Market Comment | Trade deal optimism spurs sovereign bonds yields and global equities


  • Markets’ risk-on mood intensified this week on the back of increasing optimism over a US-China trade deal that would also lead to a gradual rollback in bilateral tariffs. Strong U.S. non-farm payrolls and services sector figures, along with better-than-feared earnings also helped to improve market sentiment.
  • China noted that it has agreed with the U.S. to roll back tariffs on each other’s goods in a ‘phase one’ trade deal if it is completed. However, the U.S. has not agreed to fully rollback tariffs. China’s statements have sparked divisions amongst White House advisors, with trade advisor Navarro saying that there is no agreement at this time to remove any of the existing tariffs as a condition of the phase one deal, and that only President Trump can make that decision. Meanwhile, U.S. congressmen have urged Trump to phase out tariffs in stages as China complies. The phaseone deal is expected to be signed before year-end by Presidents’ Trump and Xi at a yet-to-be determined location.
  • This week’s positive economic data in the U.S. also supported risk appetite. The U.S. showed better-than-forecast ISM non-manufacturing figures in October (54.7, consensus 53.5, previous 52.6), tempering concerns that the widespread weakness in manufacturing will spill over into the service sector. In the Eurozone, the final PMIs for October were slightly revised upwards across sectors. Nonetheless, the manufacturing index remains in contractionary territory, alongside the cuts of the EC forecasts for the EZ growth and inflation in the next two years. Moreover, China’s trade surplus widened in October with exports declining less than expected (-0.9% y/y, consensus -3.9% y/y, previous -3.2% y/y).
  • Safe-haven yields saw a significant increase (10Y yield +20 bps in US and 12.5 bps in Germany), with both the US and German yield curves steepening, suggesting investors are pricing in some reflation. In fact, market-based inflation expectations climbed (+12 bps in U.S. to 2.06, and +5 in Germany) while the U.S. term premium increased (+8 bps). Risky bonds attracted fresh demand, (corporate spreads narrowed by -14 bps and the EMBIG by -9 bps), while the Italian risk premium remained high in Italy (146 bps) after the EC cut Italy’s growth estimate and increased debt projections.
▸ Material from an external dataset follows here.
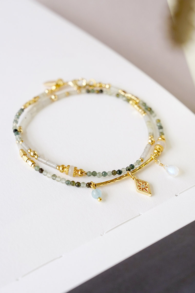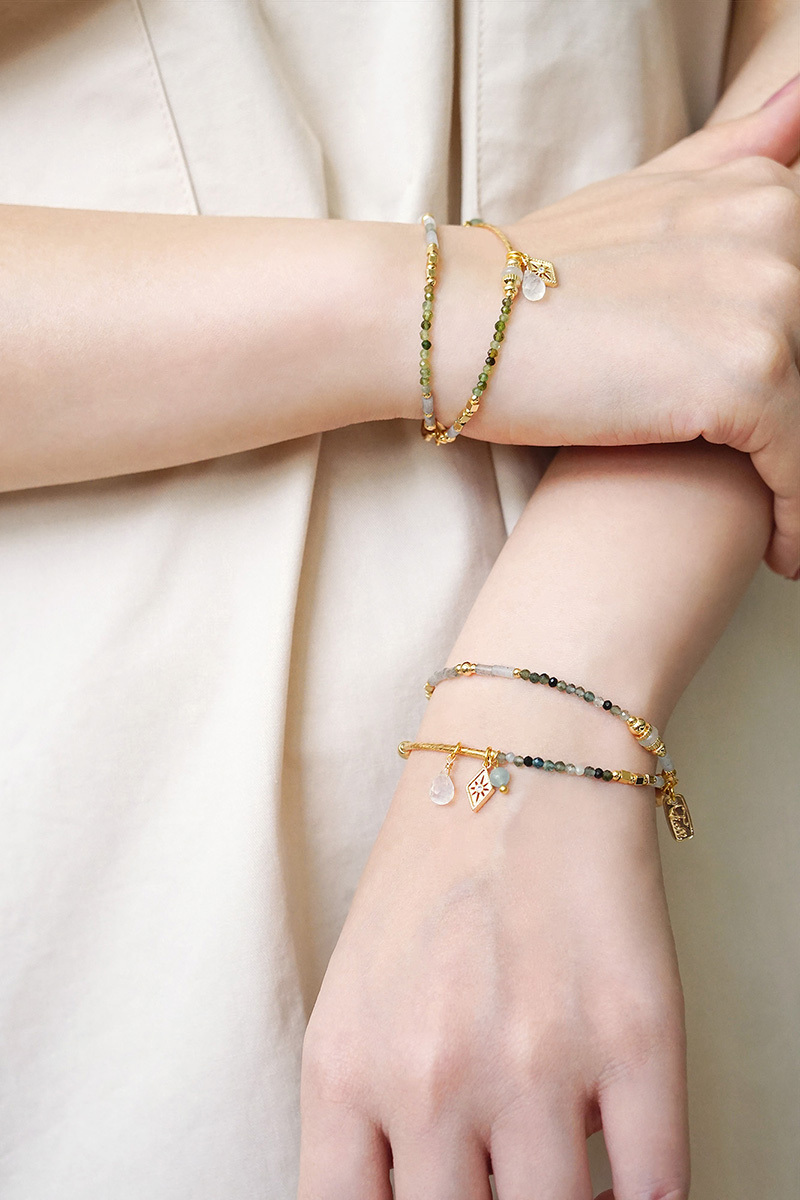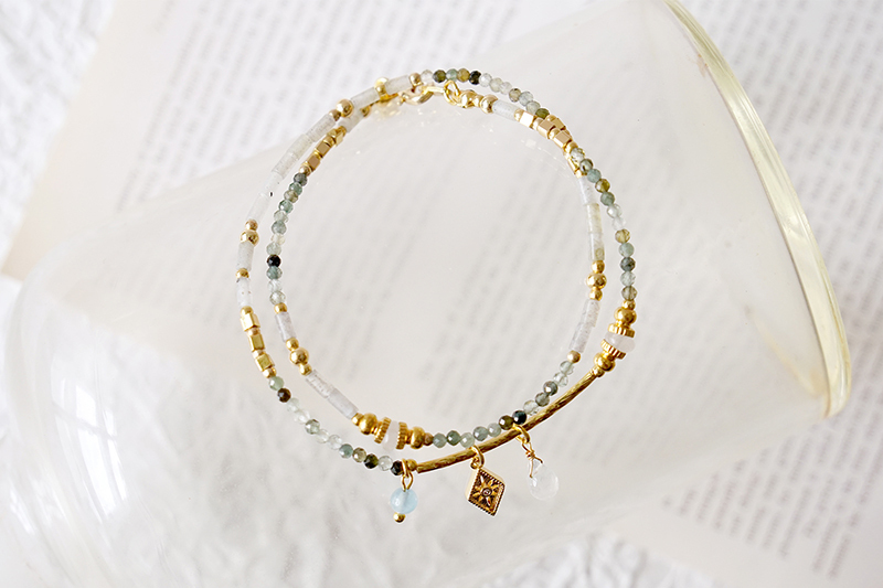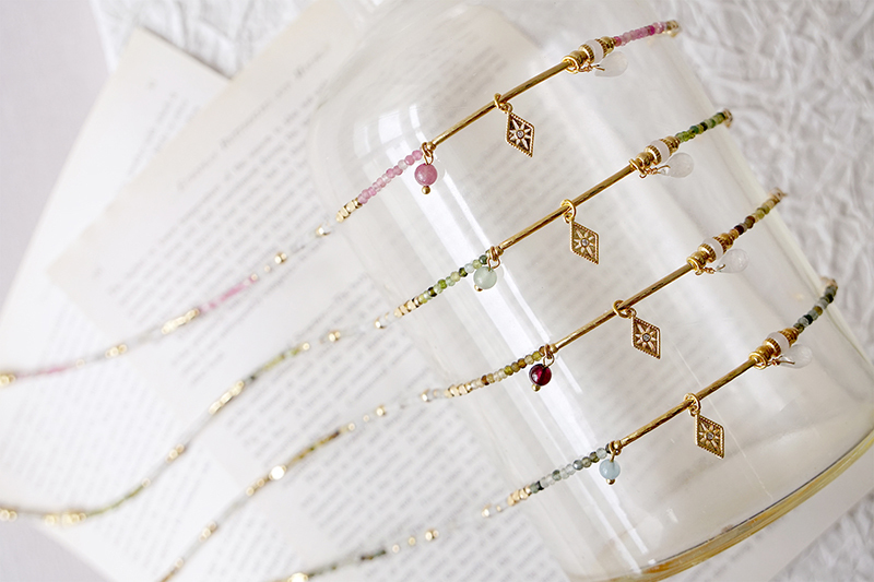 彩色碧璽、海藍寶、月光石、拉長石、鋯石、黃銅鍍18K金

  • The prospect of the U.S. rolling-back China tariffs strengthened the yuan against USD (USDCNY breached below the 7 threshold intraday). Unlike other safe haven currencies (such as the JPY), this time, risk-on mood did not weigh on the USD, which appreciated against main DM (DXY +1.1%) as robust labor and services data supported the Fed's recent rate pause signal. In fact, markets continued easing expectations of additional interest rate cuts (60% probability of at least a 25 bps cut by December 2020, down from 78% last week). The euro and the GBP depreciated (-1% against the USD), the latter especially after the Bank of England cut its growth forecast, and left monetary policy unchanged in an unexpectedly split decision. Apart from the yuan, EM FX currencies performance was uneven. MXN and COP were flat, while TRY slightly depreciated (-0.8%), despite improving inflation dynamics, as geopolitical factors still weigh. The BRL also depreciated (-3.6%) led by the absence of foreign firms in the auction of oil deposits, thwarting expectations of strong dollar inflows.
  • Equity indices gained across the board, led by cyclical sectors, with the banking sector in Europe and the U.S. increasing significantly (+6% in EZ and 2% in the US).